*** DATA TO USE ***

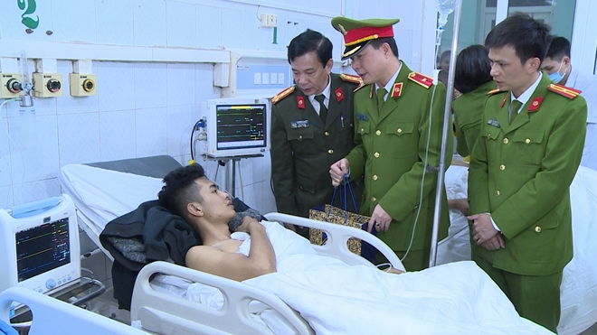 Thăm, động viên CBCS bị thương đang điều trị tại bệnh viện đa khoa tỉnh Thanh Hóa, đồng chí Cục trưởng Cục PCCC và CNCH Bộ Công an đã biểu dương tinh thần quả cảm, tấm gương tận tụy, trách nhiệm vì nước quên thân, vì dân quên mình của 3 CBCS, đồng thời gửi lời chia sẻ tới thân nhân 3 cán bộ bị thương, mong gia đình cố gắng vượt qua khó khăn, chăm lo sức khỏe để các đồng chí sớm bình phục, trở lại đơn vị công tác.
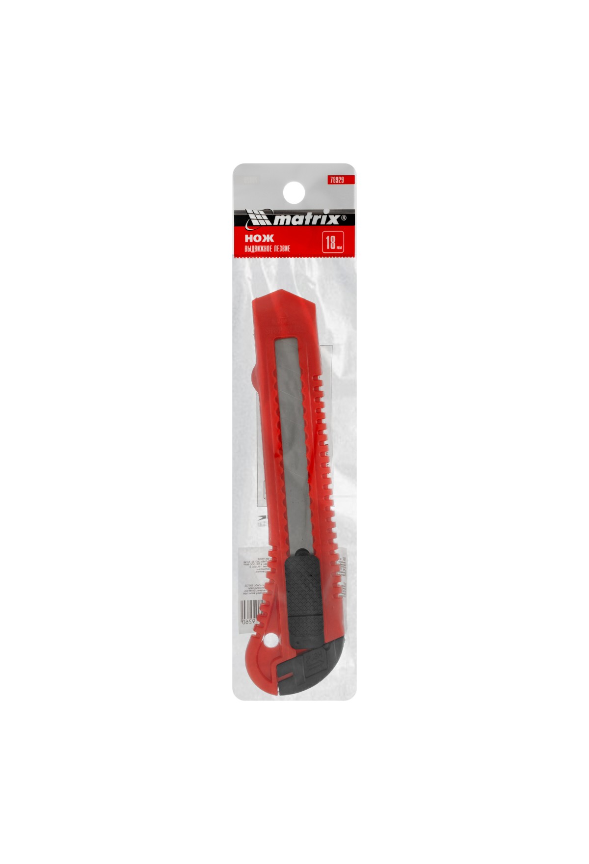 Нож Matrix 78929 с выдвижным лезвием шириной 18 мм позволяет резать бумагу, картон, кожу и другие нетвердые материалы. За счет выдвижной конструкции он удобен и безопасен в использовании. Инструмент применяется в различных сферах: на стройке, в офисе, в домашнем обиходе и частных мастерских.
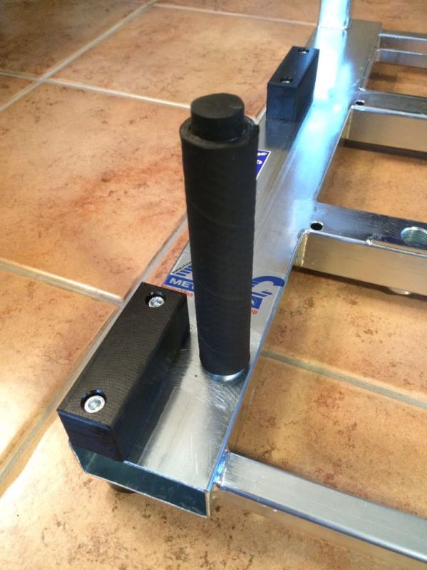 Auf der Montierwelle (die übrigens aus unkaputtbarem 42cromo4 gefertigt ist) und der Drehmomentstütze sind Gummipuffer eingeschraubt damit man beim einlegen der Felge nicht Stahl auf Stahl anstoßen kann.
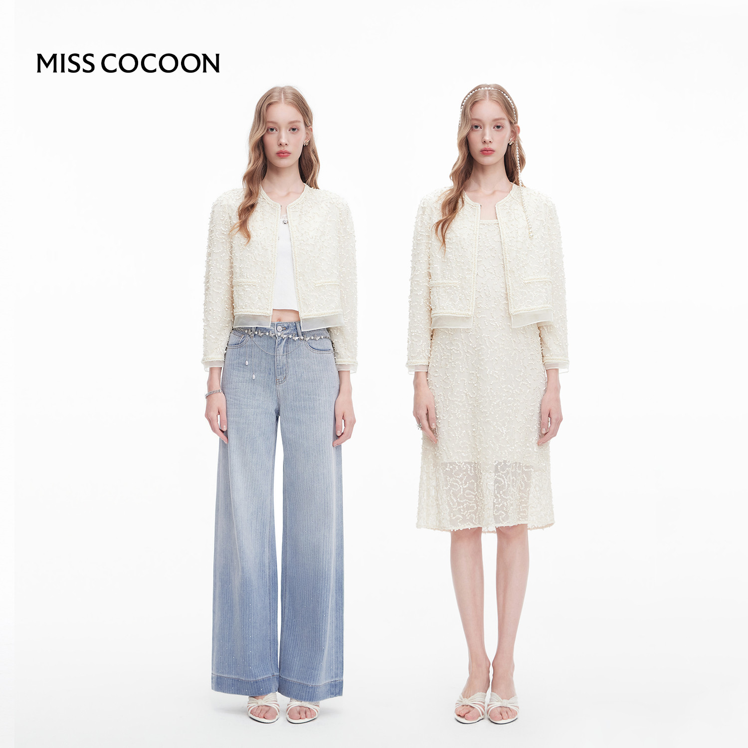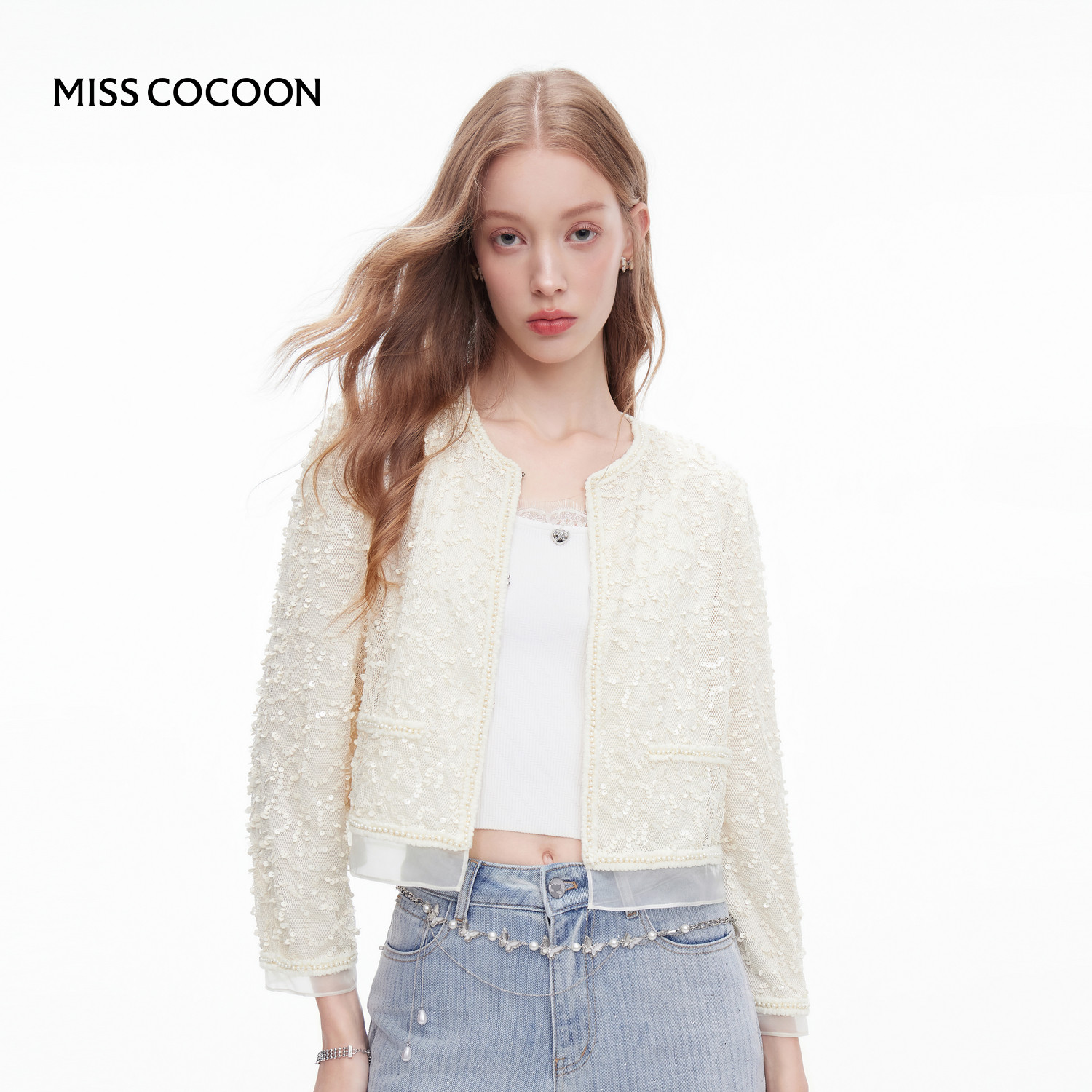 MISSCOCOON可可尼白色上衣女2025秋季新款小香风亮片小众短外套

*** End of DATA TO USE ***
*** DATA TO USE ***

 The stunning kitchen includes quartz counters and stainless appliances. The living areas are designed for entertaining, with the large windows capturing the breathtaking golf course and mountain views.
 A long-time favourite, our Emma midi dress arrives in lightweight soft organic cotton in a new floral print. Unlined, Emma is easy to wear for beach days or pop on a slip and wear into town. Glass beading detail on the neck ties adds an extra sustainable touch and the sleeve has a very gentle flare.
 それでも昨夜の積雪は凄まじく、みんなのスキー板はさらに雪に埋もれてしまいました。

*** End of DATA TO USE ***

→ INSTRUCTIONS FOR THE TASK: Look back at the data above. Transcribe exactly the lines starting at the line that contains "A long-time favourite, our" and ending at the line that contains "それでも昨夜の積雪は凄まじく".

→ ANSWER SPACE:
 A long-time favourite, our Emma midi dress arrives in lightweight soft organic cotton in a new floral print. Unlined, Emma is easy to wear for beach days or pop on a slip and wear into town. Glass beading detail on the neck ties adds an extra sustainable touch and the sleeve has a very gentle flare.
 それでも昨夜の積雪は凄まじく、みんなのスキー板はさらに雪に埋もれてしまいました。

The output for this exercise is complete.